Well-established rules that are a bedrock of the American legal system protect the confidentiality of communications between lawyers and clients, a concept known as attorney-client privilege. The rules also protect from disclosure a lawyer’s written impressions, conclusions, opinions and research, known as work-product privilege.
The trend of auditors looking further behind the corporate curtain is a major shift from the “don’t ask, don’t tell” mentality of the years before Enron, when they typically signed off on financial statements without asking to see confidential documents…
Lawyers typically say that such legal opinions are confidential. Legal rules dictate that if confidential documents are shown to any outside party, including to auditors, they are no longer confidential and are thus fair game in proceedings like lawsuits.

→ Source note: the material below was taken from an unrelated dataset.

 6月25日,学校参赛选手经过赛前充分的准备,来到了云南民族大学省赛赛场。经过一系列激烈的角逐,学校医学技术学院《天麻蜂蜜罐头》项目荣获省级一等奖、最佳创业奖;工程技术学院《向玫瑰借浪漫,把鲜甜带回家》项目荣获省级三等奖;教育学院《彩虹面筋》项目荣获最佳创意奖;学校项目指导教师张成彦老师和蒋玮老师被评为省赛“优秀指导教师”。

This is just another good reason why your external auditor should not be involved in any special investigations as an investigator rather than a monitor or an entity that gets a copy of the final report. In addition to the fact that then they know everything in detail from the beginning, they may have also been part of the original problematic behavior or condoned it.

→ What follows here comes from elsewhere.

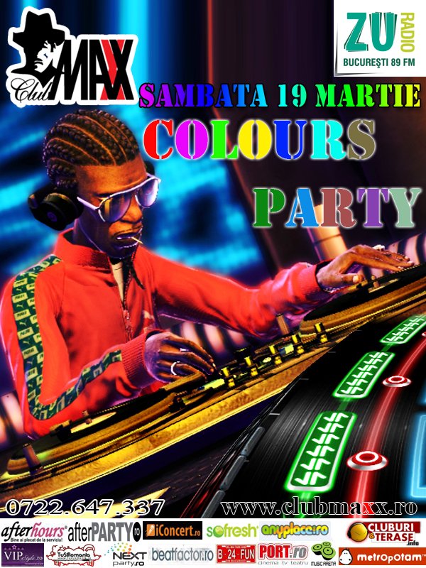 Sambata 19 Martie nu rata "COLOURS PARTY", o explozie de culoare si distractie te asteapta in Club Maxx. Join Us! Info&Rezervari:0722.647.337

There are so many other reasons that the standard audit report and internal control report prepared by a public accounting firm is now essentially worthless. If auditors are also now considered outside the circle of privilege, then what they are told, if anything, about confidential company activities will be worth even less.
If auditors are “inside the circle of privilege” they will become advocates and their work willl still be worthless.

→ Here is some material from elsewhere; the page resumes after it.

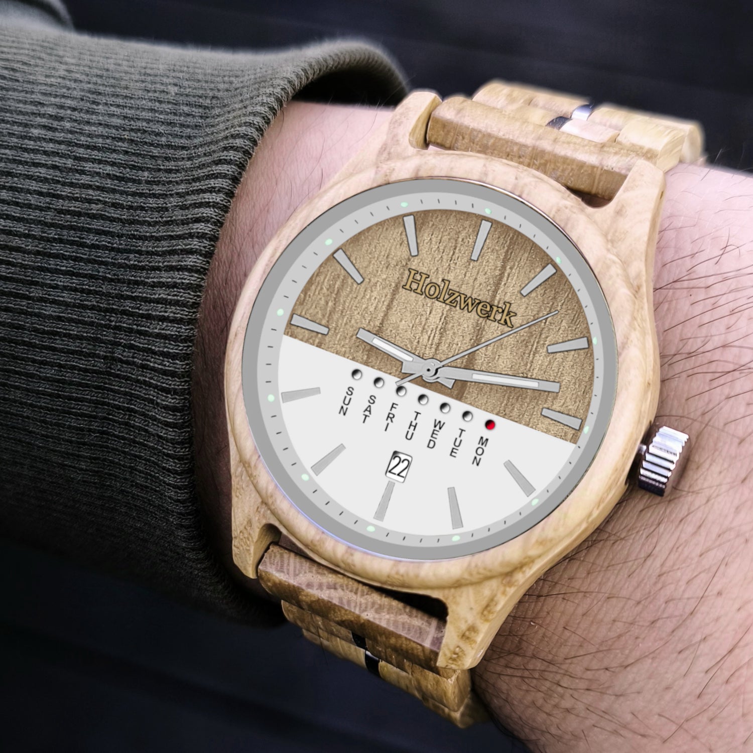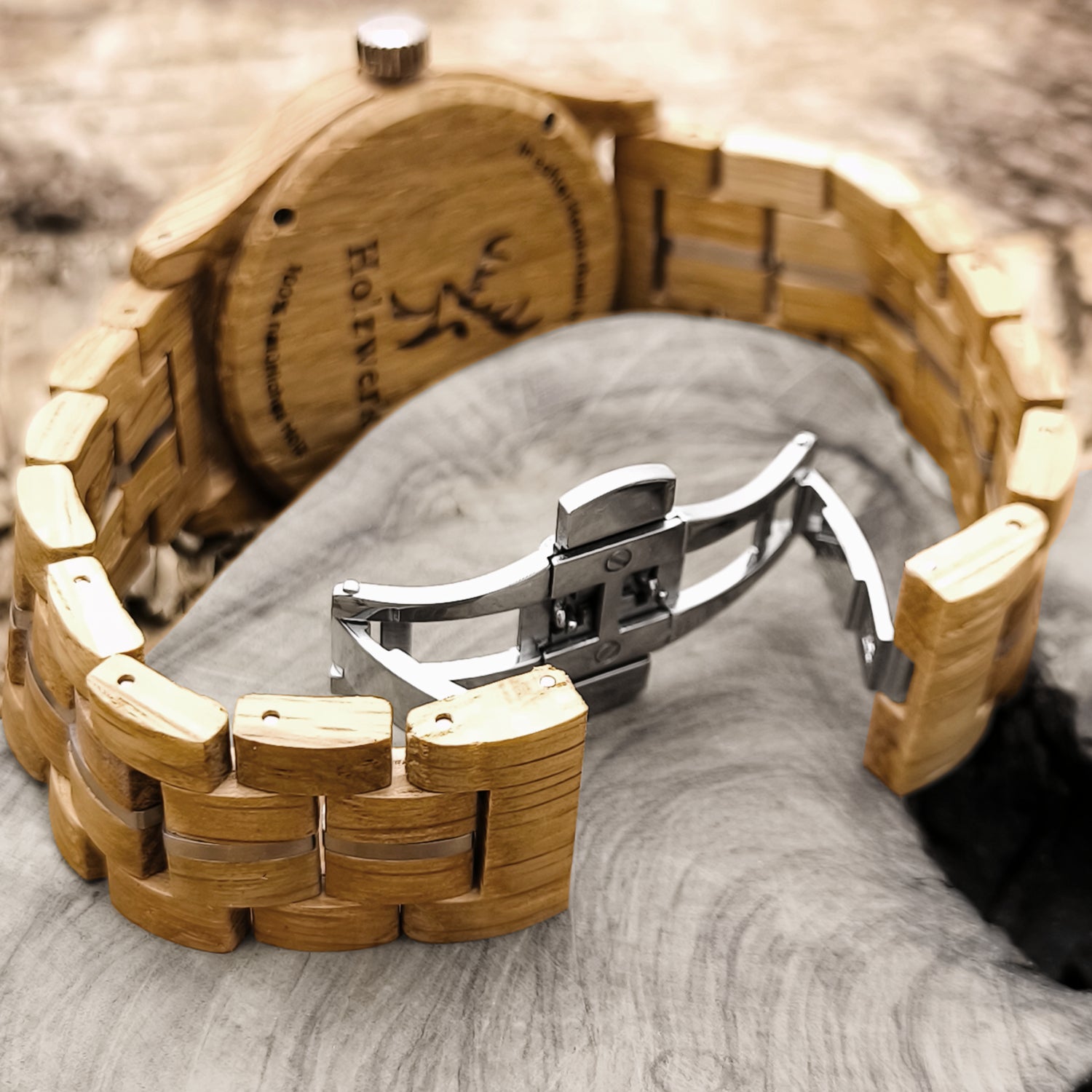 - Matériau du bracelet : bois avec éléments en acier inoxydable

Francine – for once I agree with you. The issue of auditor scope limitation created by efforts to preserve privilege is counter to good public policy.
Some favor the development of a “common interest” doctrine. Under this concept, auditors and their clients would not be adversaries, but would share a common interest in accurate financial reporting. According to this theory, a party does not waive its attorney-client privilege when it shares information with another person who also has a common interest in the information. The most frequent use of this practice is by codefendants who share information in a case.
A New York federal court in 2005recognized the common interest doctrine in a case involving a breach of contract dispute between Merrill Lynch & Co. and Allegheny Energy Inc. Merrill Lynch gave its auditor copies of two reports on internal investigations that were conducted by its in-house and outside counsel — on the condition that the records be kept confidential. Allegheny subpoenaed the reports, claiming that any privilege was waived when Merrill Lynch gave the reports to the auditor. In July 2005 Manhattan federal district court judge Harold Baer Jr., said that while courts “are split in their treatment of disclosures to a corporation’s accountants or auditors,” he upheld the privilege, reasoning that there was no “adversarial” relationship between the company and its auditor.
However in another case, a company called Medinol sued Boston Scientific in 2001, accusing it of theft of intellectual property.
Medinol wanted to see the minutes of a meeting at Boston Scientific regarding an internal investigation of the company’s exposure to costly litigation. Boston Scientific had already disclosed the minutes to its auditor, Ernst & Young, which used them when preparing the company’s financial return.
The judge, Alvin K. Hellerstein, ruled in 2002 that because Boston Scientific had already turned over the documents to its auditors, it had waived the privilege governing their confidentiality. “In order for auditors to properly do their job, they must not share common interests with the company they audit,” Judge Hellerstein wrote.